From: Characterization of the HIV-1 RNA associated proteome identifies Matrin 3 as a nuclear cofactor of Rev function

Figure 2

Immunoprecipitation of HIV-1 RNA from nucleoplasmic fractions. A) Biochemical fractionation for the proteomic analysis. Nuclear extraction scheme showing the various phases of the protocol used to produce the nucleoplasmic fraction. B) Control of nuclear extraction in U2OS cells.

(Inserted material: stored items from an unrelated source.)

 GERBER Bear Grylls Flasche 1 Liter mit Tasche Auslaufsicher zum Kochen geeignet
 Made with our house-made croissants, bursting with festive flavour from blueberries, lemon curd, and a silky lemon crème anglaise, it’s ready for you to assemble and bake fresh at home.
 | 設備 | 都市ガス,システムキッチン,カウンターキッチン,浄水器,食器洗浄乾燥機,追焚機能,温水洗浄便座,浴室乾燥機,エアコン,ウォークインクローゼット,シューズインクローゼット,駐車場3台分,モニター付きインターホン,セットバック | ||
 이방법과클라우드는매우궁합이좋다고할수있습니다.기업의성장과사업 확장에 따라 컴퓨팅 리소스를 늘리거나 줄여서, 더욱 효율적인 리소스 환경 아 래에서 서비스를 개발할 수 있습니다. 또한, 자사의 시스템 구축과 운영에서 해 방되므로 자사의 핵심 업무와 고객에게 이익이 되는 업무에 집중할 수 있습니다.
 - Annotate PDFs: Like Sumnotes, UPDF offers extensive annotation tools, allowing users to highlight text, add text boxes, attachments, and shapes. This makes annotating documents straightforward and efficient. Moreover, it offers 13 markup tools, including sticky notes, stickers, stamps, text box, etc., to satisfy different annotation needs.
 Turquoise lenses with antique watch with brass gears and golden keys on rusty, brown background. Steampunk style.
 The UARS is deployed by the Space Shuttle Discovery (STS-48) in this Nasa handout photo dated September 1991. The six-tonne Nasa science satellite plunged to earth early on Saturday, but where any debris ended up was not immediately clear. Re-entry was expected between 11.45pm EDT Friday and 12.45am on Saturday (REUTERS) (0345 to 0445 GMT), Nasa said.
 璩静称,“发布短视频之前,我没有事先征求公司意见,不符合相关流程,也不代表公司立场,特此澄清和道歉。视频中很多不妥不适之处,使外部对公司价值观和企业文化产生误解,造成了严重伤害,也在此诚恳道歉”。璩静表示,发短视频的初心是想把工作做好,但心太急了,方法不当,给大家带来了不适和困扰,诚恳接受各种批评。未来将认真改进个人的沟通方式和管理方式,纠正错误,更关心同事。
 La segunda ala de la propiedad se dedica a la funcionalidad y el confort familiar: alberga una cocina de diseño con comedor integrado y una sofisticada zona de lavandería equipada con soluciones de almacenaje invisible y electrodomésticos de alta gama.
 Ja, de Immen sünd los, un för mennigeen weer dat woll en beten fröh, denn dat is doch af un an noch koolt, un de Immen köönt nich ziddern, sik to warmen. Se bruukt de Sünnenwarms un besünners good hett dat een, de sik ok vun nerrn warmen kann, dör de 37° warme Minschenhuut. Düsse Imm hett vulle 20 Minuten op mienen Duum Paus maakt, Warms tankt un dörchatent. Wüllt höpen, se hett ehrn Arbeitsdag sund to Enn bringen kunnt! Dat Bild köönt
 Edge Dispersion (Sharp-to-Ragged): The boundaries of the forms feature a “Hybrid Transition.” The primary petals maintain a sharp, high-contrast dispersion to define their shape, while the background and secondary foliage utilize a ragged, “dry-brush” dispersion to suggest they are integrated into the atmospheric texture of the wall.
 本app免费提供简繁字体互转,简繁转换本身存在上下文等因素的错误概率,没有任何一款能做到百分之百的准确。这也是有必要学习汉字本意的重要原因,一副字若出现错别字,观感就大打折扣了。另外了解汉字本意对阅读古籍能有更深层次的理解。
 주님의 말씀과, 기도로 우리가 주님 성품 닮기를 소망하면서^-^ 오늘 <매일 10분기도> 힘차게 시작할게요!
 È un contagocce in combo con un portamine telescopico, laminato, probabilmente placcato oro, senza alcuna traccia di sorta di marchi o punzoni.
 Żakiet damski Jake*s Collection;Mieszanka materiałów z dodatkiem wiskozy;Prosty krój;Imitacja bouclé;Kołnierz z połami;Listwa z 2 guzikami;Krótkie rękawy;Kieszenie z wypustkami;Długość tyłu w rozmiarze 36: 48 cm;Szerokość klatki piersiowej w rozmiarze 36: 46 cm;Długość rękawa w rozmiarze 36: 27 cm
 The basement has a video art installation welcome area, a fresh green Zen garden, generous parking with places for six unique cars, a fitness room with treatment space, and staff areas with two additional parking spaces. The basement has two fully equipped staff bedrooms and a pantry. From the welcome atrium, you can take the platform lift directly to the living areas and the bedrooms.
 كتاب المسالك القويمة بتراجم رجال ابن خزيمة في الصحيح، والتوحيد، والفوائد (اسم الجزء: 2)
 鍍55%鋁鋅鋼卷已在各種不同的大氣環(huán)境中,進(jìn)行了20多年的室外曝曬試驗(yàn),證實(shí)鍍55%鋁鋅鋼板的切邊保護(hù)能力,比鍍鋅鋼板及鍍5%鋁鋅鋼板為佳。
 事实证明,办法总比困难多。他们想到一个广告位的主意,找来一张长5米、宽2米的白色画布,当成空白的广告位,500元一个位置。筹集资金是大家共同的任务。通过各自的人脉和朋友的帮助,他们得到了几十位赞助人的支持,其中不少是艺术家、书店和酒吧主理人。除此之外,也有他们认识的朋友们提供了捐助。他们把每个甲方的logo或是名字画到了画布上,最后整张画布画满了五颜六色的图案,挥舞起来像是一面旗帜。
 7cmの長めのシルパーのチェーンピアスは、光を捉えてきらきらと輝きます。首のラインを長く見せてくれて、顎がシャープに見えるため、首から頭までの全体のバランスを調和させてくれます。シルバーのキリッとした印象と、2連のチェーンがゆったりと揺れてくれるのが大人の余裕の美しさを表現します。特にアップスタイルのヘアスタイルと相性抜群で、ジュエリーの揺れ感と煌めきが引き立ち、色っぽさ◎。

The fractions obtained by the protocol outlined in Figure 2A were loaded on a gel for immunoblotting against α-tubulin (upper panel) that shows up only in the cytoplasmic fraction (CF) and against the nuclear protein RecQ (bottom panel) that was present only in the nucleoplasmic fraction (NF). C) Control of HIV-1 RNA associated factor Tat in the NF. Nuclear extracts from U2OS cells (mock), U2OS HIV_Exo_24 × MS2 (exo) or U2OS HIV_Intro_24 × MS2 (intro) were immunoprecipitated for HIV-1 RNA as described above, loaded on SDS-PAGE and blotted against GFP to detect the RNA-bound Tat-CFP protein (IP). Immunoblots for the nuclear extracts against GFP and flag-MS2nls (input) are shown. D) Pulldown of HIV-1 RNA and endogenous MATR3. Whole cell extracts from U2OS cells (mock), U2OS HIV_Exo_24 × MS2 (exo) or U2OS HIV_Intro_24 × MS2 (intro) were immunoprecipitated for HIV-1 RNA as described above, loaded on SDS-PAGE and blotted against MATR3 to detect the RNA-bound endogenous protein (IP). Immunoblots for the whole cell extracts against MATR3 and flag-MS2nls (input) are shown.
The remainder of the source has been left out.